BEGIN Records to use

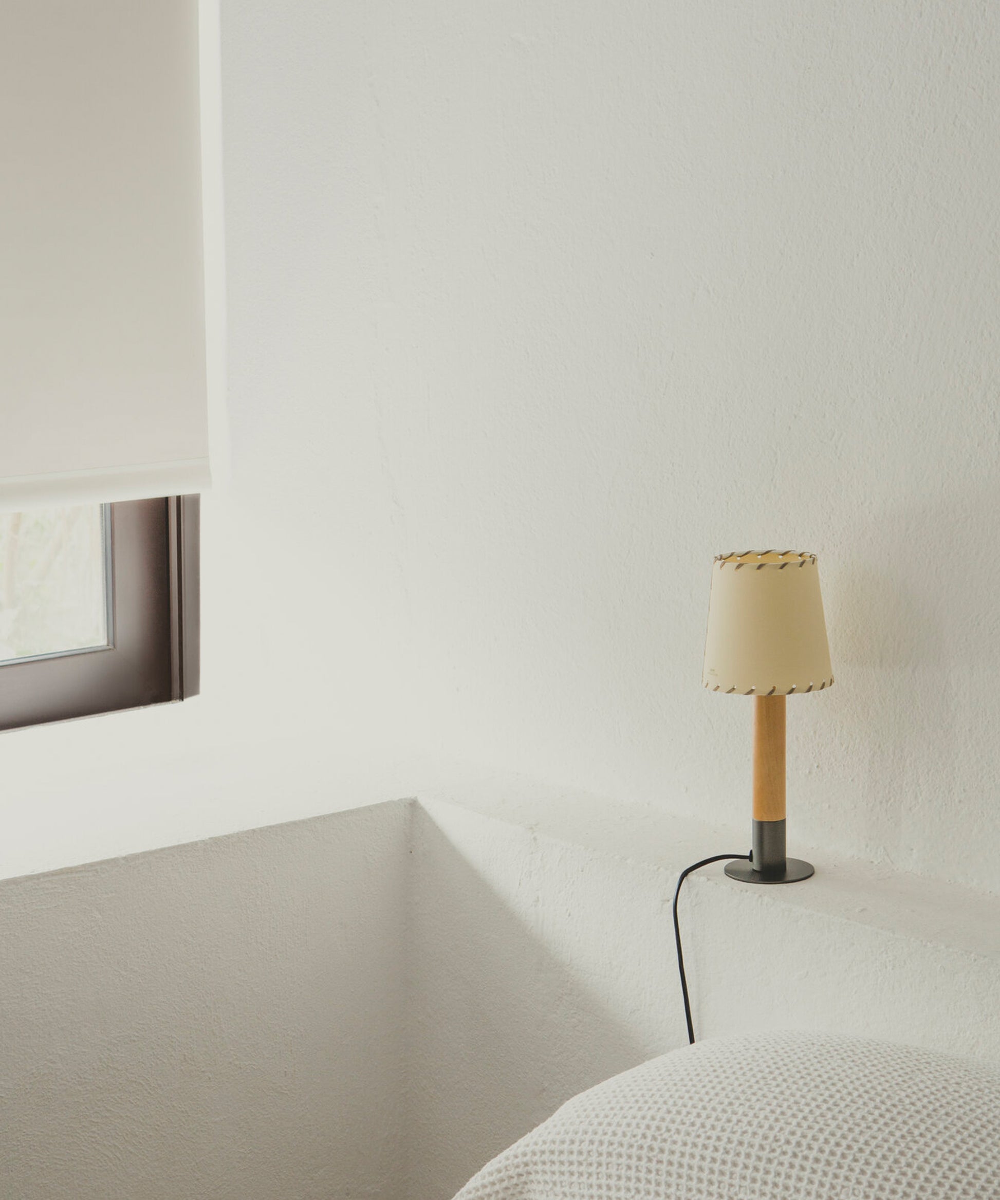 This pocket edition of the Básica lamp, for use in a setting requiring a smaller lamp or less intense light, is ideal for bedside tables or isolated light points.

END Records to use
BEGIN Records to use

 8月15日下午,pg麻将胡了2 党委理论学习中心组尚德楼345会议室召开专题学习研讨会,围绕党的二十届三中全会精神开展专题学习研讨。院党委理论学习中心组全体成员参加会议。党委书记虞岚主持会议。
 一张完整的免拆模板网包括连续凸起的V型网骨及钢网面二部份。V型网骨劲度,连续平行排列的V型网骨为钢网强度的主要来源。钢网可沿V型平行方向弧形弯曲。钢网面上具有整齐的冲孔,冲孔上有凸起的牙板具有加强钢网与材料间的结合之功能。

END Records to use

Your task: Starting with the line that holds "8月15日下午,pg麻将胡了" and ending with the line that holds "一张完整的免拆模板网包括连续", retype every line in the data above exactly, and nothing else.

The completed task:
 8月15日下午,pg麻将胡了2 党委理论学习中心组尚德楼345会议室召开专题学习研讨会,围绕党的二十届三中全会精神开展专题学习研讨。院党委理论学习中心组全体成员参加会议。党委书记虞岚主持会议。
 一张完整的免拆模板网包括连续凸起的V型网骨及钢网面二部份。V型网骨劲度,连续平行排列的V型网骨为钢网强度的主要来源。钢网可沿V型平行方向弧形弯曲。钢网面上具有整齐的冲孔,冲孔上有凸起的牙板具有加强钢网与材料间的结合之功能。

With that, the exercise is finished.